What you should do:
Print the lines in the listing below starting at the line with "서울 심야 버스의 다양한" and ending at the line with "O cană specială", both included. Reproduce them exactly and omit every picture.

Segment Start: Recorded data

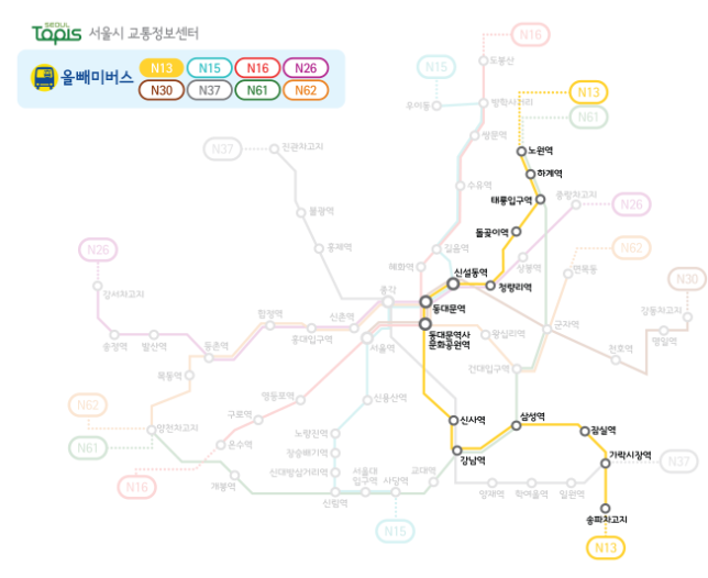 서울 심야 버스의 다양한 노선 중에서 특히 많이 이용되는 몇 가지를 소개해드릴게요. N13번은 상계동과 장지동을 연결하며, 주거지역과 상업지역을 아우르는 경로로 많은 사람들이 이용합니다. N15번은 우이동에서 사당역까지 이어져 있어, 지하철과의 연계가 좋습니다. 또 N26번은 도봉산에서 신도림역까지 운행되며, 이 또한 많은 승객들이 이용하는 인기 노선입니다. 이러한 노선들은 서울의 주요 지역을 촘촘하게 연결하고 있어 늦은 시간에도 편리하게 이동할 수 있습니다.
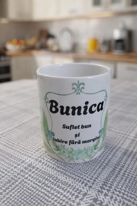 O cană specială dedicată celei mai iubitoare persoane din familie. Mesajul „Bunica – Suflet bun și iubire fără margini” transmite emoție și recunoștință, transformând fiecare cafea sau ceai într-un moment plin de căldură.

Segment End: Recorded data
Segment Start: Recorded data

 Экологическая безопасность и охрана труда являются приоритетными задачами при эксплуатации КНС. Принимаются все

Segment End: Recorded data

Answer:
 서울 심야 버스의 다양한 노선 중에서 특히 많이 이용되는 몇 가지를 소개해드릴게요. N13번은 상계동과 장지동을 연결하며, 주거지역과 상업지역을 아우르는 경로로 많은 사람들이 이용합니다. N15번은 우이동에서 사당역까지 이어져 있어, 지하철과의 연계가 좋습니다. 또 N26번은 도봉산에서 신도림역까지 운행되며, 이 또한 많은 승객들이 이용하는 인기 노선입니다. 이러한 노선들은 서울의 주요 지역을 촘촘하게 연결하고 있어 늦은 시간에도 편리하게 이동할 수 있습니다.
 O cană specială dedicată celei mai iubitoare persoane din familie. Mesajul „Bunica – Suflet bun și iubire fără margini” transmite emoție și recunoștință, transformând fiecare cafea sau ceai într-un moment plin de căldură.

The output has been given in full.